We provide information, advice and assistance, interpretation bulletins and training to help lobbyists understand and comply with the Lobbying By-law. We review and verify registrations before they are approved, and conduct ongoing reviews of existing registrations.
Investigations and inquiries
We respond to requests for inquiries and investigations into compliance with the registry system and the Lobbyists’ Code of Conduct.
The Registrar may conduct an investigation or inquiry to determine whether there has been a contravention of the Lobbying By-law in response to...
- A request from a member of the public, City Council, or a member of Council
- Information provided by the Registrar’s staff, a member of the public, or a public office holder
- Information found in the Registry
- Information found in the public record.
The Registrar is required by law to conduct investigations and inquiries in a manner that preserves secrecy. The Registrar has adopted compliance investigation procedures. (PDF) Following an investigation or inquiry, the Registrar determines whether there has been a contravention of the Lobbying By-law. The Registrar may report to Council.

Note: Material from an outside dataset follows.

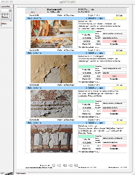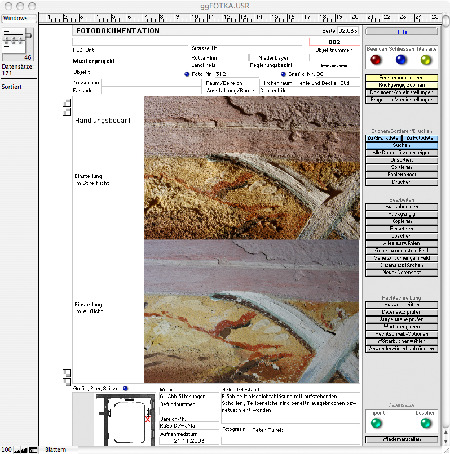 - Objekterfassung - Foto-, Grafik- und Filmdatei (QuickTime) mit Glossar- und Listendarstellung - Befundprotokolle - Probenahmeprotokoll - Arbeitsbericht - Präsentation ausgewählter Fotos und Grafik - Protokolldatei - Bautagebuch - Kalkulation, Grunddatenerfassung für Ausführungsleistungen - Bestandserfassung - Maske für Fotokarton, Träger für Prints und sw Abzüge

If the Registrar determines that the lobbyist has failed to meet registration requirements, she may remove, revoke or suspend a registration.
Charges under the Provincial Offences Act
Contravening the Lobbying By-law, including the Lobbyists’ Code of Conduct, is an offence under the Provincial Offences Act. Examples of offences are lobbying without a registration; lobbying by offering entertainment, meals, gifts or favours of any kind; and failing to provide accurate and factual information to a public office holder.
If the Registrar determines that there are reasonable and probable grounds to believe that the Lobbying By-law has been breached, she may lay a charge under the Provincial Offences Act.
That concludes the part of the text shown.